On this background, the macroevolutionary behavior of the deep sea fauna is particularly interesting. For Darwin, the deep sea was a zone, in which animals could not live due to lightlessness, extreme pressures, low temperature and the lack of photosynthetic primary production. Modern deep-sea research has revised this picture. The biggest surprise, however, was the unbelievable diversity and monstrosity of this fauna — a Golden Biotope in spite of unfavorable conditions and low population densities. Howard Sander’s time stability hypothesis accounts for this paradox The large number of “living fossils” in this biotope supports his view.

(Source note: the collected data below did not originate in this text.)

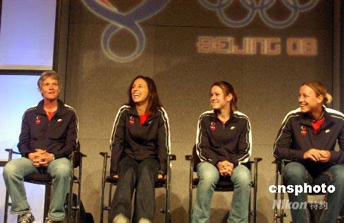 4月14日,兩次奪得奧運金牌的美國女子足球隊主要成員在芝加哥美國奧運代表團新聞峰會上表示,北京奧運會的主要目標(biāo)是奪冠。圖為去年年底剛上任的美國女足主教練皮亞(左一),前鋒凱特·馬克格拉芙(左二),后衛(wèi)奧雷利(右二)、前鋒阿比·邁巴赫(右一)。 作者: 李靜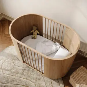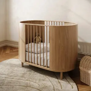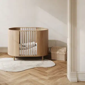 The frame is made from solid oak – known for its strength, longevity, and rich natural tone. Each piece highlights the unique grain of the wood, making every cot one of a kind. Oak is not only visually warm and calming, but also highly resistant to wear – a sustainable choice for design-conscious parents.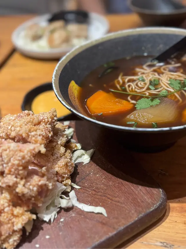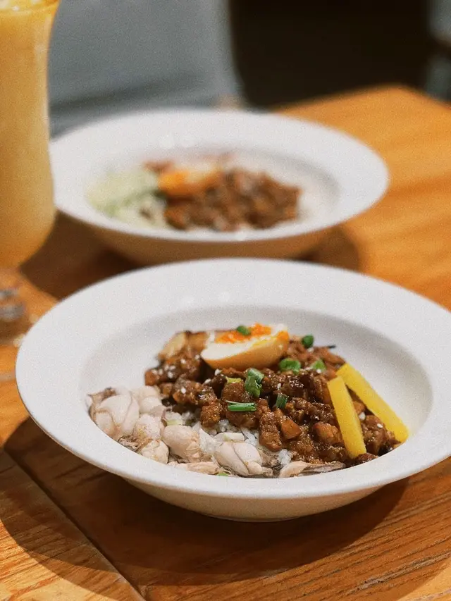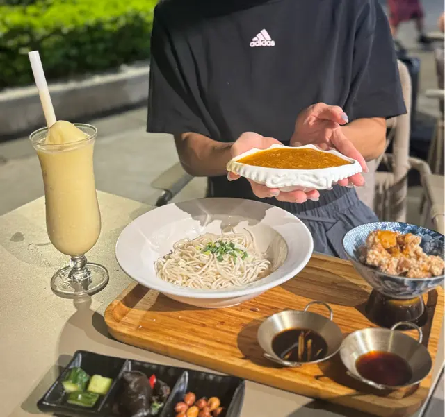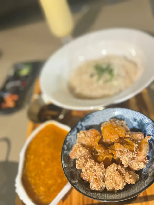 餐廳位於海濱長廊附近~寵物友善~適合帶著毛孩一齊用餐~啱晒將軍澳嘅養寵物街坊喺度食嘢不過當晚嘅用餐體驗有些小插曲:不少菜式已經售罄🥲我地最終點左1️⃣兩個「蟹黄瀑布撈麵/飯」set $118@根據餐牌話:每份包含180克蟹黃(目測都幾大碗)仲送左前菜同「蟹粉鹽酥雞粒」&飲品🙂味道中規中矩~蟹黃嘅鮮味係唔錯~但未去到特別驚艷的感覺~食剩咗少少🤏2️⃣另外都點左小碗手工滷肉飯配糖心蛋 $38滷肉香味適中~肉質都算軟嫩唔係好肥👍糖心蛋都正!性價比合理3️⃣最後,「鹽酥/脆香大大雞扒」$78外皮炸到酥脆唔油膩😋☺️用OpenRice book枱有九折優惠 不過只限單點食物,set就冇任何折扣 …查看更多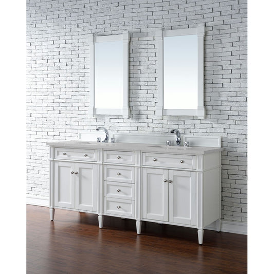 Brittany 72" Bright White Double Vanity w/ 3 CM Eternal Serena Quartz Top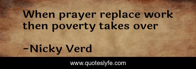 This page presents the quote "When prayer replace work then poverty takes over". Author of this quote is Nicky Verd. This quote is about motivation, positive-mind, focus-on-your-dreams, life, faith-in-god, inspirational, prayer, enthusiasm, mindset,.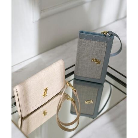 異素材コンビネーションがエレガントなフラグメントケース。表面感のあるシャンブレー素材となめらかなスムース合皮を組み合わせた上品なルックスが魅力です。カードや定期、カードキーなどを収納でき、二つ折りで中身が見えないところもポイント。ストラップと2つのポケット付きで、可愛さと利便性を両立したデザインです。※撮影時照明の関係により、色味が違って見える場合がございます。またパソコン・スマートフォンなどの環境により、若干製品と画像のカラーが異なる場合もございます。予めご了承ください。商品の色味は、商品単品画像をご参照下さい。※商品画像はサンプルのため、色味やサイズ等の仕様に変更がある場合がございますので、予めご了承ください。
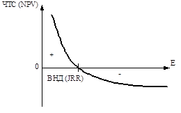 Для таких инвестиций справедливо утверждение о том, что чем выше норма дисконта (Е), тем меньше величина интегрального эффекта (NPV), что как раз и иллюстрирует рис.3.4.

Natural Selection: intrinsic and extrinsic factors ANTONIO GARCIA-BELLIDO

Evolution offers the most beautiful perspective of Biology. The appropriated focus to study of evolution is to analyze its beginning in contrast with the current approach from the end results, the present forms. Darwin and Wallace only contemplated a post-Cambrian scenario, where diversity prevails over complexity and Natural selection is clearly operative.

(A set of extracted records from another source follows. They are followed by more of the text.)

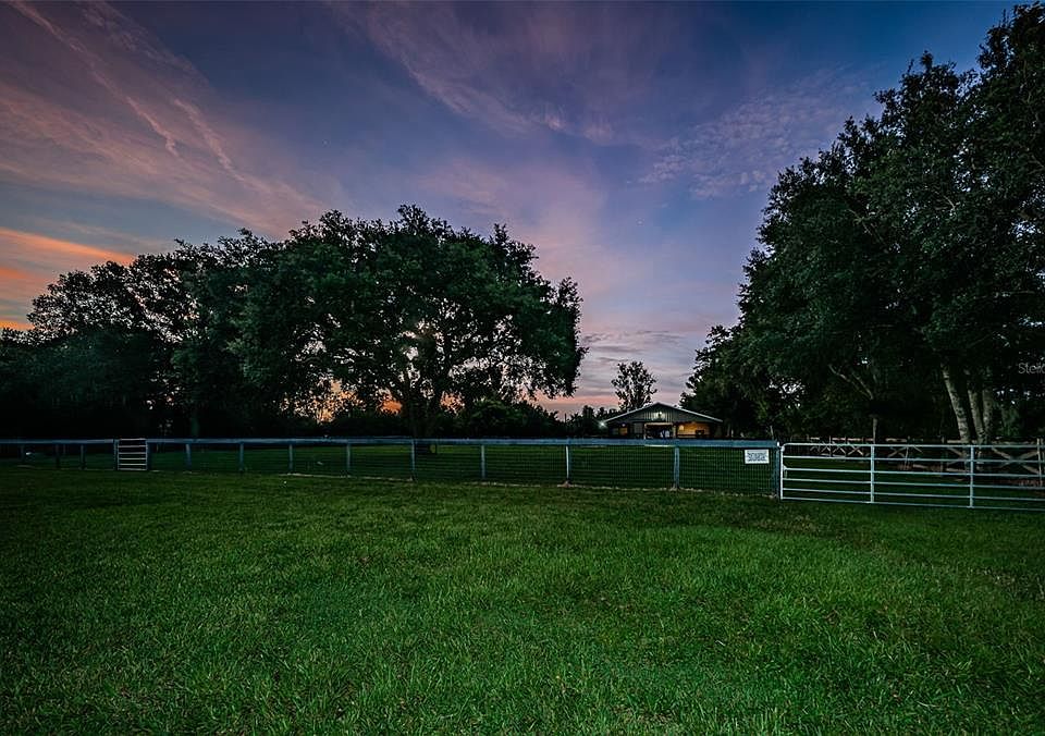DREAMS REALLY DO COME TRUE… ACREAGE, HORSE BARN, AND FRESHLY PAINTED with NO FLOODING in the neighborhood or on the property from recent hurricanes. This is the EQUESTRIAN ESTATE you've been waiting for, located in one of the MOST DESIRABLE and ESTABLISHED NEIGHBORHOODS in Odessa known for its TOP-RATED SCHOOLS! BRING THE ANIMALS, BOATS AND TOYS. There is SOMETHING for EVERYONE. Situated on over 3 ACRES, featuring a 3-STALL BARN and a 68' x 200' RIDING ARENA. Nestled on a DEAD-END STREET, this 3,751 Sq Ft home features a TRUE SPLIT FLOOR PLAN, ideal for MULTIGENERATIONAL living or offering an IN-LAW SUITE for INCOME-PRODUCING OPPORTUNITIES. Inside, you'll be greeted by high ceilings, thick baseboards, and crown molding throughout. The kitchen boasts a new FRIDGE and DISHWASHER (2023), eat-in dining area, and a large pantry. Enjoy STUNNING VIEWS of the BARN from the kitchen and your enclosed back porch. The SPACIOUS living room is ideal for ENTERTAINING. Each bedroom is generously sized and features walk-in closets. The second bathroom includes double sinks and decorative tile in the shower. On the opposite side of the home, you will find a large bedroom with a private bathroom and decorative shower. An additional storage room provides ample space for all your organizational needs. Wake up to PEACEFUL VIEWS of your horses right from your primary suite. The primary bathroom features dual sinks, a separate vanity, a jetted tub, and walk-in shower. KEY UPDATES include a METAL ROOF with maintenance completed (December 2023), FLAT ROOF replaced (2018), NEWER AC UNITS (2022), Septic System pumped (January 2024), and 2 HorsePower Well Pump Installed. Outside, you'll find a HURRICANE-RATED Woody's block BARN featuring three matted 12x12 stalls. NO DETAIL HAS BEEN OVERLOOKED in this barn's CUSTOM DESIGN, with each stall offering lighting, electrical outlets, fans, and PRIVATE RUN-OUTS. The barn includes a COVERED WASH RACK with shelving, additional cross ties, and a SURROUND SOUND SYSTEM. The FEED/TACK ROOM COMBO is equipped with shelving, saddle racks, and bridle hooks. The property also boasts a full-sized, RAISED and IRRIGATED Dressage Arena designed to withstand Florida's summer thunderstorms, ensuring OPTIMAL RIDING conditions YEAR-ROUND. Also designed for easy expansion to suit your needs, if desired! FOUR fully IRRIGATED paddocks, each with water access, provide AMPLE SPACE for your horses. The front paddock features a GORGEOUS OAK TREE offering shade during summer. There's plenty of room to park your trailers! AVOID THE HASSLE AND COST OF BUILDING A BARN. This property offers CONVENIENCE located near shops and dining. BIKE LOVERS and NATURE WALKERS will enjoy the UPPER TAMPA BAY TRAIL, just steps away from your neighborhood, and JAY B. STARKEY WILDERNESS PARK, only minutes from home! The Veterans Expressway is just minutes away, and Tampa International Airport, Wesley Chapel, Pinellas, and Pasco Counties are all within a SHORT COMMUTE. HORSE LOVERS REJOICE: Northwest Equestrian Park, Brooker Creek Preserve, and Lake Dan Nature Preserve RIDING TRAILS are all less than 15 minutes away! Tampa Fairgrounds is 35 mins, TerraNova Equestrian Center is 1 hour 40 mins, and the renowned WORLD EQUESTRIAN CENTER is only 1 hour 30 mins. DON’T MISS THIS INCREDIBLE OPPORTUNITY to make this farm your own—view the Floor Plans, Virtual Tour, and schedule your showing today!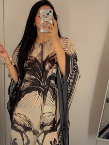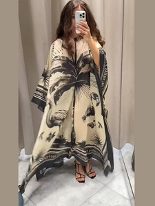 2025 春夏レディースクロスボーダー AliExpress 人気カジュアルルーズラウンドネックフレアスリーブプリントドレス大きな裾スカート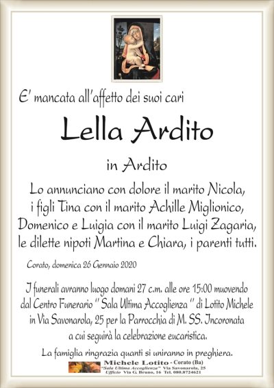 Pubblicazione in evidenza di un manifesto sul portale, posizionato tra i primi 10 annunci subito sotto quello del defunto, garantendo massima visibilità. Incluso anche un manifesto digitale presso la sala d’accoglienza e un manifesto cartaceo presso la chiesa. La posizione online segue l’ordine cronologico di pubblicazione.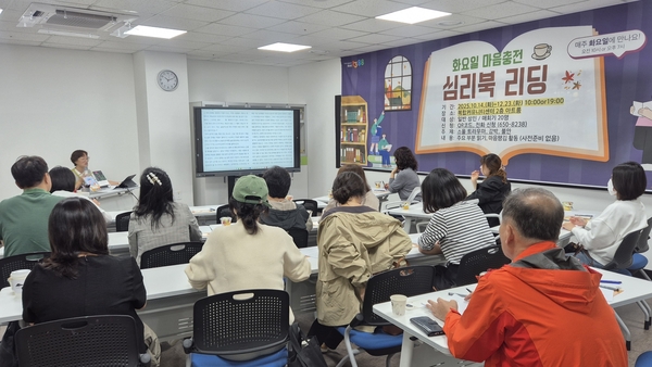‘청소년안전망 Into 아웃리치’는 주민들이 자발적으로 청소년 상담활동에 참여해 위기청소년을 조기 발견하고 지역사회 네트워크를 강화하는 역할을 수행한다. 이에 따라 진행되는 ‘화요일 마음충전 심리북리딩’은 매월 심리 주제를 정해 책을 낭독하고 마음챙김 활동을 진행하는 프로그램이다.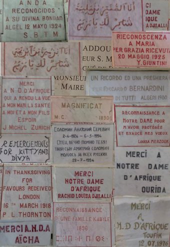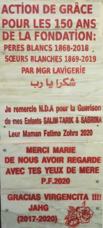 "يا سيدة أفريقيا صلي من أجلنا ومن أجل المسلمين" صلاة كتبت بالفرنسية والعربية والأمازيغية خلف المذبح بالكنيسة بمثابة رسالة جامعة تدعو إلى التسامح والاحترام المتبادل استجابة لغاية بناء هذا الصرح، وهي تعزيز الوحدة والسلام بين المسيحيين والمسلمين.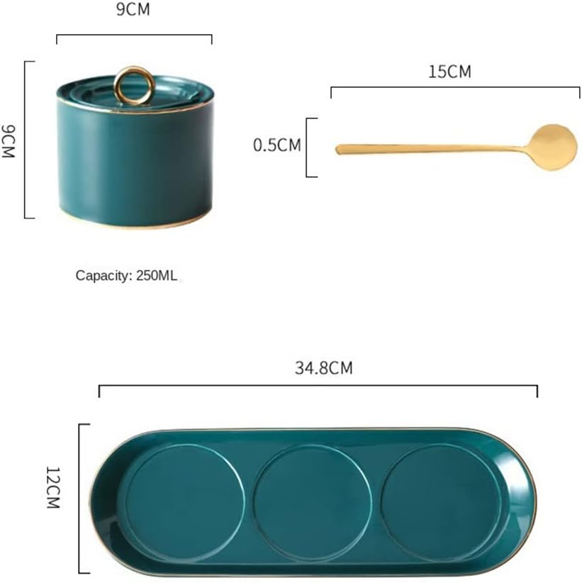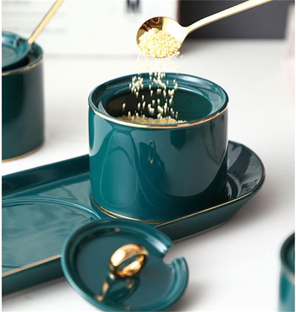 DescribeThe surface is bright, soft, smooth, crystal clear, safe and Practical and beautiful removable coverEasy to clean and reusable can and spoon design to prevent mixing of different seasoningsSmall volume and large capacityProduct parametersMaterial: CeramicApplicable space: kitchenColor: greenSize: 34.8*12*9cm: 3 Seasoning Jars+3 Spoons+1 TrayApplicable : the publicPackage includes: spice container * 1 piece (excluding other demo products)notes:1. Due to different monitors and lighting effects, the actual color of the product may be slightly different from the picture color. Thanks!2. Due to manual measurement, the allowable measurement deviation is 1-3cm3. Due to material and process problems, there will be some peculiar smell when receiving the goods. After washing, put it in a ventilated place to ventilate to remove odors.
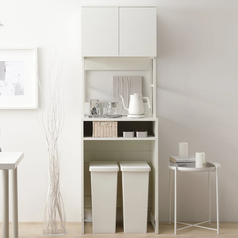 異素材の質感と広い作業面で家事がはかどるキッチンカウンター ホワイト キッチンボード(ゴミ箱収納) 60cm幅

When we contemplate evolution from the beginning we uncover invariant principles. They are explicit in different levels of organic complexity or in their orthogonal expansion manifested in diversity. Both cooperation and conflict are at work in these processes. The outcome is maximal energetic efficiency in molecular interactions. In such interactions coupling of elements takes place by molecular recognition with minimal loss of free energy, quasi-maximal molecular matching. This is what maintains together the biological world. Hereditary amplification is based on molecular copying and leads to the spreading of mutational novelties. Energy transaction pathways incorporate new partners and thus gain energetic efficiency. Molecular recognition, on the other hand represents inertia to variation. It is an evolutionary constraint, from which only iterations and combinations allows for novelty. Novelty also results from genetic transfer among species, sex, haplodiploidy and recombinant variations.

Evolution uses combinations of molecular modules, both stable and transient, in genetic interactions, to generate morphologies. These combinations allow for an increase in degrees of freedom, thus providing organisms with tolerance to changes in the external world. Physiological efficiency more than final observable forms appears to be the subject of selection and evolution.

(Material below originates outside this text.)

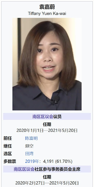 袁嘉蔚简历:1993年9月30日出生,英文名Tiffany Yuen Ka-wai,绰号“田湾女孩”,英国籍和中华人民共和国(香港)籍人,香港南区万事屋(民主派的小区团体)成员,原香港南区复康活动及长者友善小区工作小组副主席、南区平等机会工作小组主席及南区区议会小区参与事务委员会主席,香港众志(已解散)前副主席,前南区区议会田湾选区议员,泛民主派人士。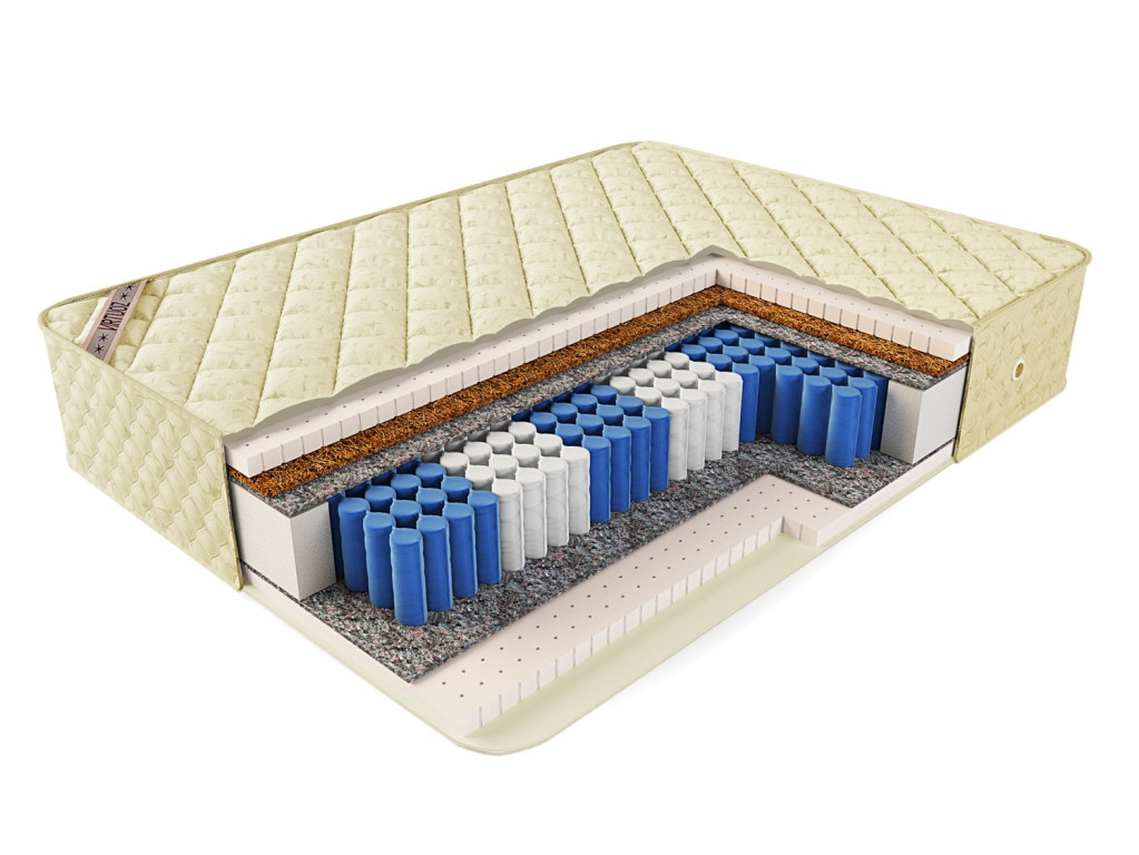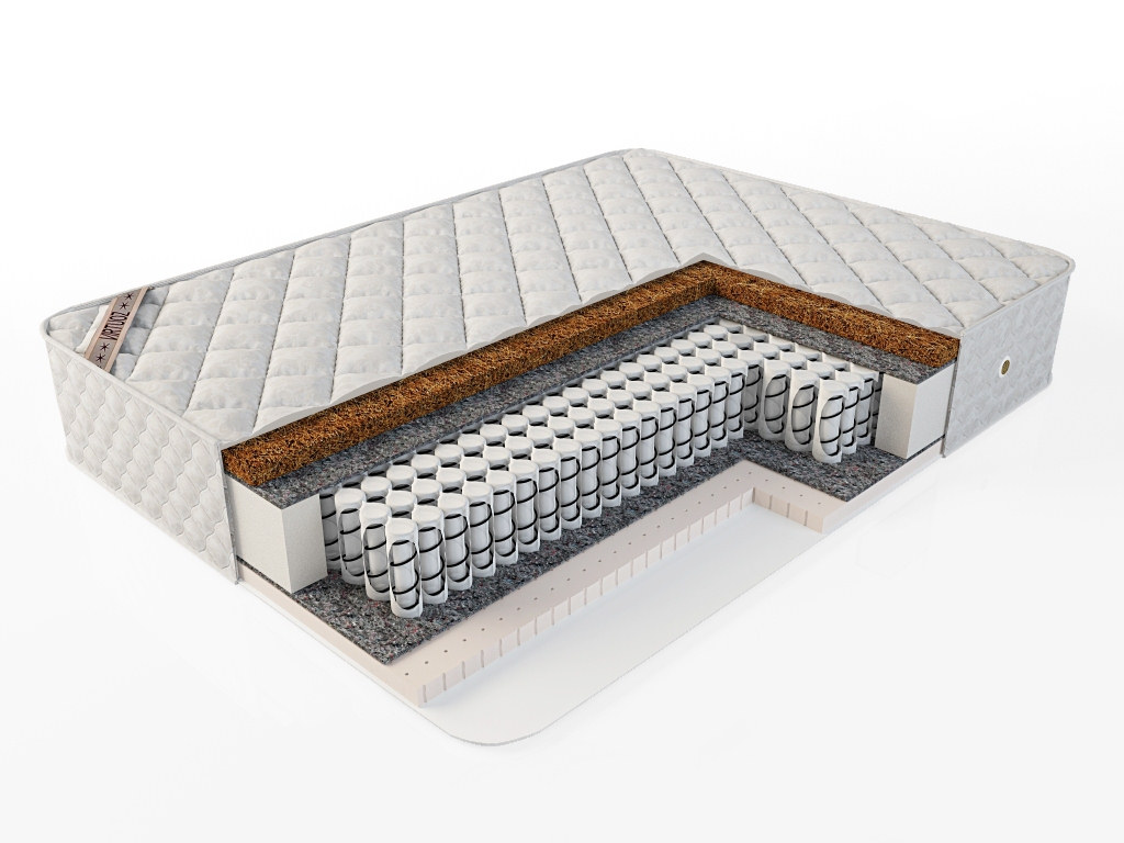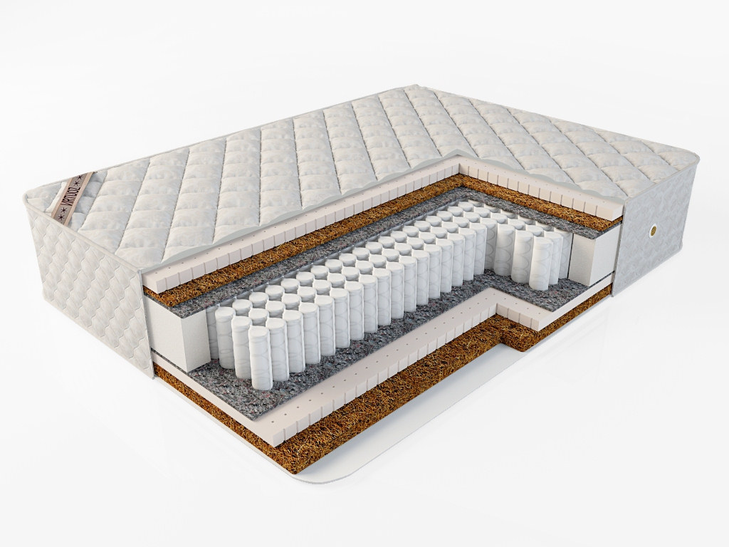 Ортопедический матрас Виртуоз Ария - высокий ортопедический матрас на основе блока независимых пружин с возможностью самостоятельного выбора требуемой жесткости. Натуральные наполнители матраса: натуральный латекс и кокосовое волокно, экологически чистые и долговечные природные материалы.

We will here explore how much short-term, adaptive, immediate and “externally” driven in contrast with long-term, parsimonious, cumulative and “internally” driven selection operate in Evolution. Whereas long-term selection dominates the changes in levels of complexity, short-term selection prevails in the generation of diversity in different complexity levels.

Fossil links JUAN LUIS ARSUAGA

In the distant future I see open fields for far more important researches. Psychology will be based on a new foundation, that of the necessary acquirement of each mental power and capacity by gradation. Light will be thrown on the origin of man and his history”. So wrote Charles Darwin 150 years ago in “On the origin of Species”.

We are unique and alone now in the world. There is no other animal species that truly resembles our own. A physical and mental chasm separates us from all other living creatures. There is no other bipedal mammal. No other mammal controls and uses fire, write books, travels in space, paints portraits, or prays. This is not a question of degree. It is all or nothing: there is no semi-bipedal animal, none that makes only small fires, writes only short sentences, builds only rudimentary spaceships, draws just a little bit or prays just occasionally.

Darwin needed links, transitional forms, either living or fossil, to fill the gap between the great biological groups, and especially between human and apes. By 1859 the Neanderthals had already been discovered, but Darwin did not see them as the desired missing links. They were too human.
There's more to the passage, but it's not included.